Service-dominant logic has certainly made a striking impression on marketing academia. It focuses on viewing a customer as an operant resource, or a collaborative partner who co-creates value with the firm (Vargo and Lusch 2004). In short, it is a market with orientation, as opposed to a market to orientation, in which a market and customer were analyzed and products were produced to meet customer needs (Vargo and Lusch 2007). When we studied this concept that is now very popular in the marketing literature, I was surprised to learn that the term service-dominant logic was not coined until 2004. Upon reading Ritzer, Dean, and Jurgenson (2012), however, I learned that researchers such as Toffler and Kotler have been studying the idea of presumption for over thirty years, which set the stage for related ideas such as service-dominant logic. One of the most unique examples of prosumption offered by Ritzer, Dean, and Jurgenson is the Twitter backchannel at conferences. I have tweeted about various sessions at academic conferences and have found the process to be engaging because it allows me to participate in the session even if I did not give a formal presentation. Furthermore, by offering my opinions on the presentation, I am able to connect with other conference attendees who are also tweeting.
Willemsen et al.’s (2011) finding that the negativity effect occurs for experience products whereas the positivity effect occurs for search products is quite useful for marketers who maintain companies’ online presence. For instance, if a restaurant was concerned about the effect of online reviews on the patronage of the restaurant, it would be extra careful to monitor negative reviews, whereas a computer manufacturer should pay attention to whether consumers are bothering to write positive reviews about their products. However, I felt that the study should have included the number of reviews as a control variable. If there is only one positive review of a product, I tend to feel more skeptical about it than if there are many positive reviews. Additionally, if there is one scathing review among multiple positive reviews, I tend to consider the angry reviewer to be a “nitpicker”, or someone who is generally difficult to please. This would be an interesting future consideration for online review studies.

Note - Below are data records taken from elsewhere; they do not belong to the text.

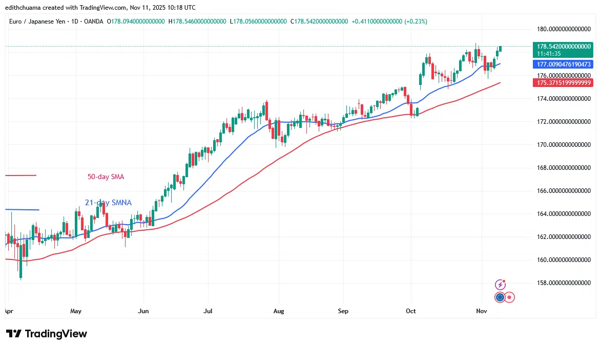 The EUR/JPY pair begins a bullish trend and closes above 178.00. Since October 8, the Yen has traded above the moving average lines but below the resistance level of 178. On November 10, buyers pushed the currency pair above 178.00. On the upside, if the bullish trend continues, the pair will achieve a high of 180.00.
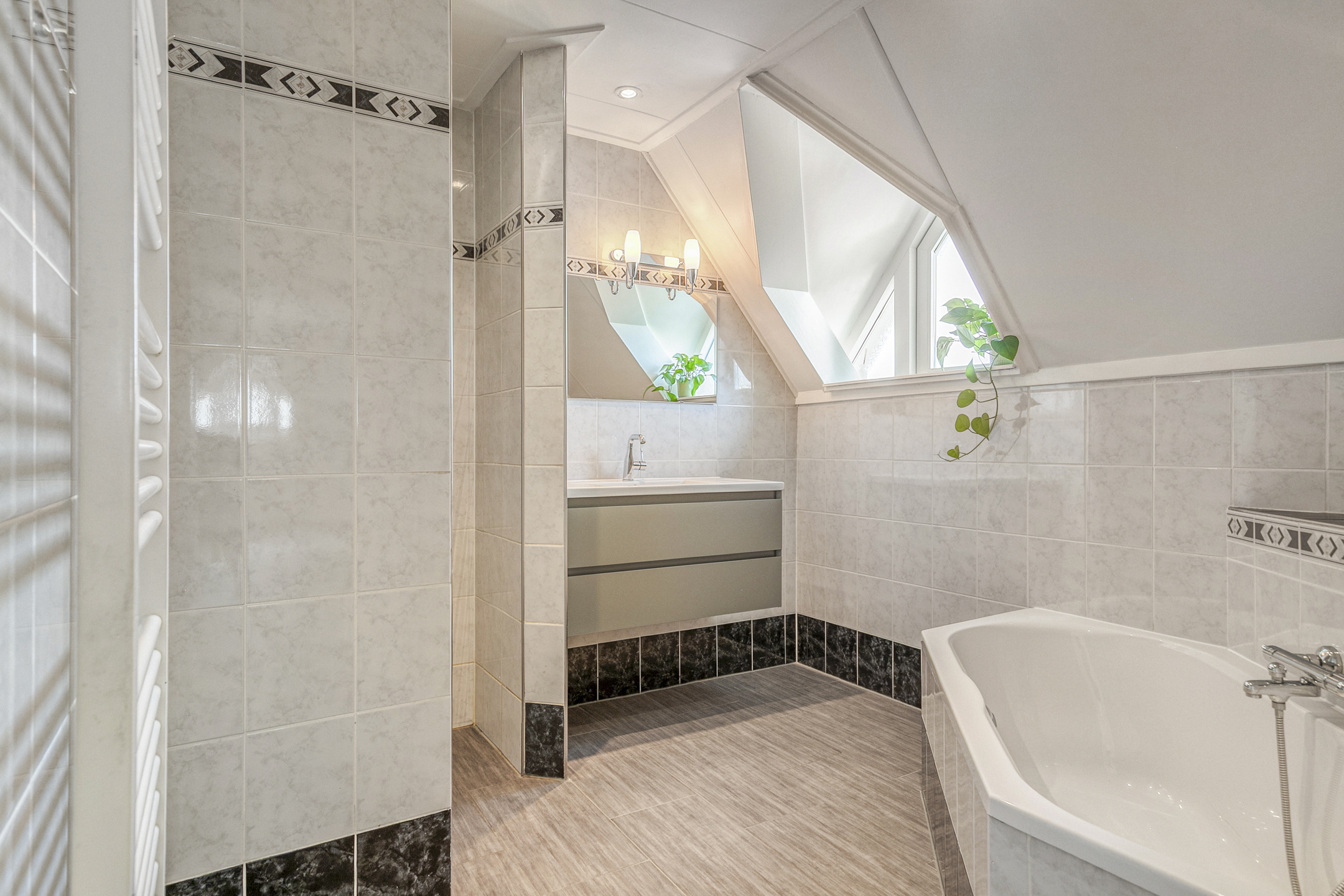 De ruime badkamer is uitgerust met ligbad, douche, handdoekradiator en een wastafel met meubel. Op deze verdieping is tevens een separaat tweede toilet aanwezig.
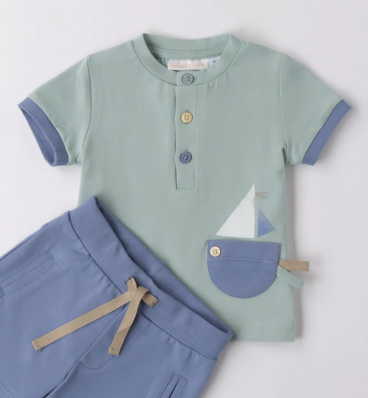 Fresco completo estivo per neonato, perfetto per i giorni più caldi. Composto da una t-shirt verde salvia con ricamo barca a vela e pantaloncini blu con coulisse regolabile. Il tessuto in cotone leggero assicura massimo comfort per il tuo bimbo.
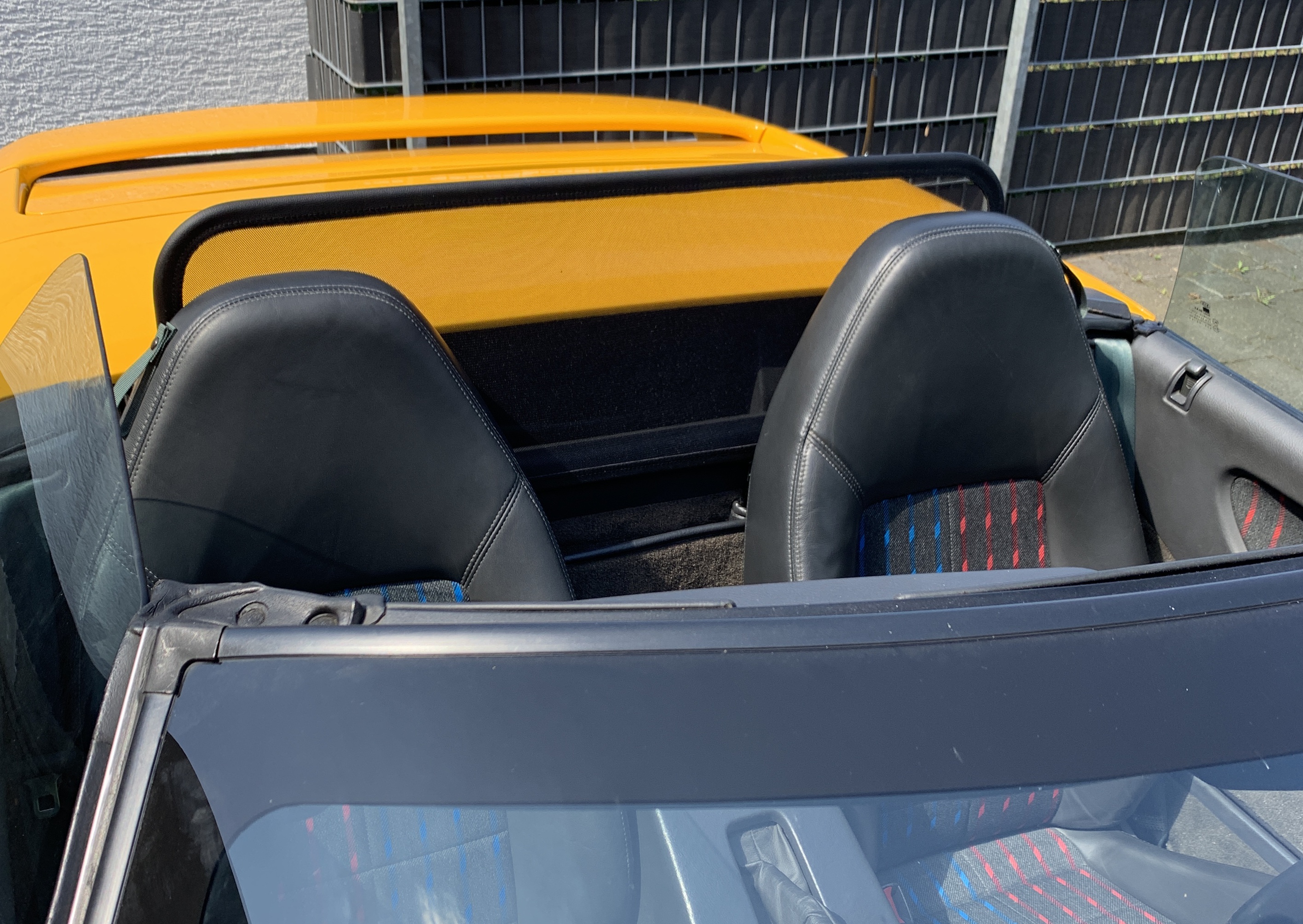 Wat doet een windscherm precies? Een windscherm in de eenvoudige versie is een stalen buisframe met net, gemonteerd achter de eigenlijke cabine, dat ervoor zorgt dat de gebruikelijke luchtwervelingen van een cabriolet worden omgeleid over het interieur van het voertuig. De frames van de windschermen zijn gemaakt van hoogwaardige stalen buizen, gebogen in de modelspecifieke dikte, netjes gelast en in weerbestendig kunstleer genaaid. Voor het netwerk gebruiken we een hoogwaardig nylon-polyester gemengd weefsel, dat zich onderscheidt door zijn hoge treksterkte en UV-bestendigheid. De net- of frameconstructie met de juiste bevestigingen en onderdelen, kan ook door een leek binnen enkele minuten worden gemonteerd.
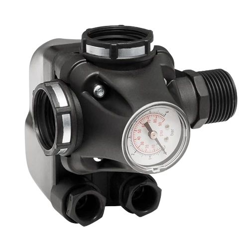 PM/5-3W - оригинальное устройство, соединяющее реле давления РМ/5, пятивыводной штуцер и манометр. Устройство облегчает процесс монтажа автоматических насосных станций водоснабжения.
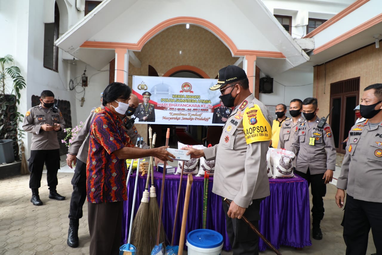 Kapolda Sumut turut memberikan langsung bantuan sosial secara simbolis kepada masing-masing pembina rumah ibadah.Sejumlah personil Polri juga turut di libatkan di rumah ibadah guna membantu pengurus gereja dan BKM Masjid membersihkan rumah ibadah.
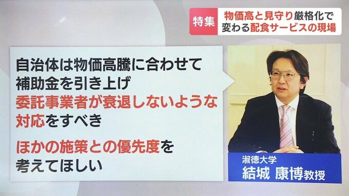 社会福祉が専門の淑徳大学・結城康博教授は、「自治体は物価高騰に合わせて補助金を引き上げ、委託事業者が衰退しないような対応をすべき。
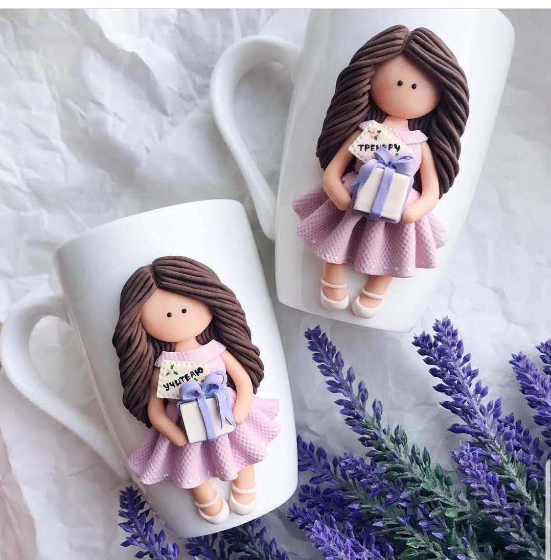 Cute polymer clay girls ceramic coffee mug funny gift mug
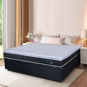 MODELO: Cama Box Baú Casal King Colchão Com Molas Ensacadas City Pillow Top 193x203x64cm
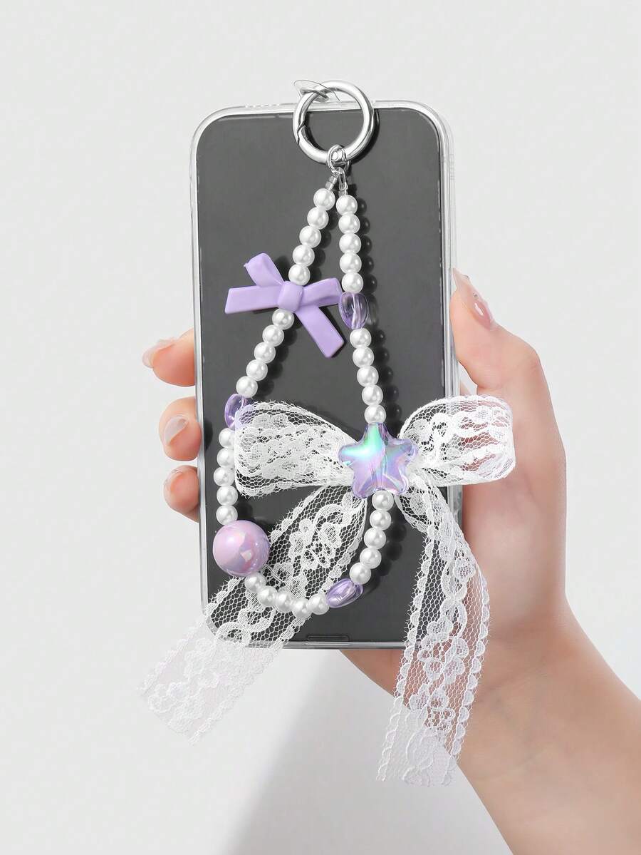 Kawaii 1pc INS Elegant Sweet Cute Versatile High-Quality Handmade Beaded Faux Pearl Purple Heart Star Bear Acrylic Mesh Velvet Bow Braided Rope Key Chain Phone Charm, Suitable For Women, Daily Wear, Holiday Gift

Chia (2010) mentions that some scholars believe that people who create UGC are being exploited because they are not compensated for their work. Peterson even goes so far as to say that UGC should be termed “loser-generated content” instead of “user-generated content”. While I agree that companies and marketers can make money off of user-generated data, I do not think that the people who create this content are being exploited. They are creating this content willingly, and no one (besides the authors of books that teach people how to capitalize on their blogs) is promising that they will earn any monetary compensation from it. I found it interesting that so many bloggers consider reader comments to be a form of compensation. However, as mentioned by Chia, social compensation does not translate into actual compensation. But perhaps bloggers who do not get many hits on their blogs realize that blogging is not a realistic means of substantial income. In other words, they see it as more of a hobby, in which case, social compensation may suffice.
Side note…Facebook released their first ever ad campaign this week. How thoughtful of them to time it for the same week we’re discussing advertising, marketing, and new media!
http://mashable.com/2012/10/04/facebook-ad-campaign/
Sorry for restating your first paragraph in my blog. Ha ha! I didn’t start reading this until later.
No problem. I’m glad our thoughts are on the same page!